• [Work order]: Copy the listing exactly, images excluded.

• [Raw data]:
○ ○ ○ ○ ○ ○ ○

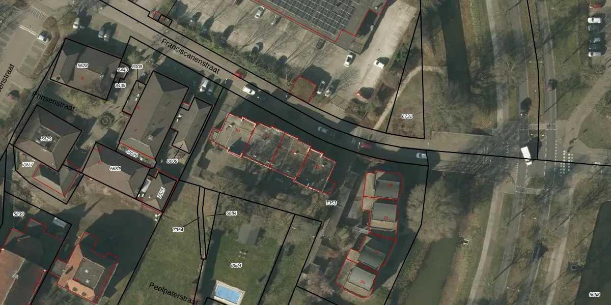 Franciscanenstraat 14 is gelegen op kadastraal perceel VLO00D7353. Deze kadastrale aanduiding is uniek en wordt gebruikt door het Kadaster om eigendomsrechten en andere zakelijke rechten vast te leggen. Het perceel maakt onderdeel uit van de kadastrale gemeente Venlo.
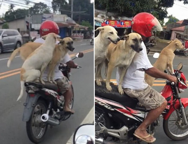 男子载着三只爱犬低速行驶在菲律宾的马路上
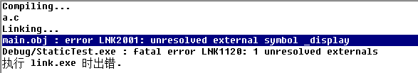 同样编译没有报错,而在链接时报错,错误提示找不到display()函数
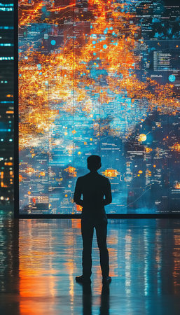 Tech Entrepreneur Contemplates Digital Wall Displaying Cityscape and Data Visualizations at Night

○ ○ ○ ○ ○ ○ ○

• [Solution to this problem]:
 Franciscanenstraat 14 is gelegen op kadastraal perceel VLO00D7353. Deze kadastrale aanduiding is uniek en wordt gebruikt door het Kadaster om eigendomsrechten en andere zakelijke rechten vast te leggen. Het perceel maakt onderdeel uit van de kadastrale gemeente Venlo.
 男子载着三只爱犬低速行驶在菲律宾的马路上
 同样编译没有报错,而在链接时报错,错误提示找不到display()函数
 Tech Entrepreneur Contemplates Digital Wall Displaying Cityscape and Data Visualizations at Night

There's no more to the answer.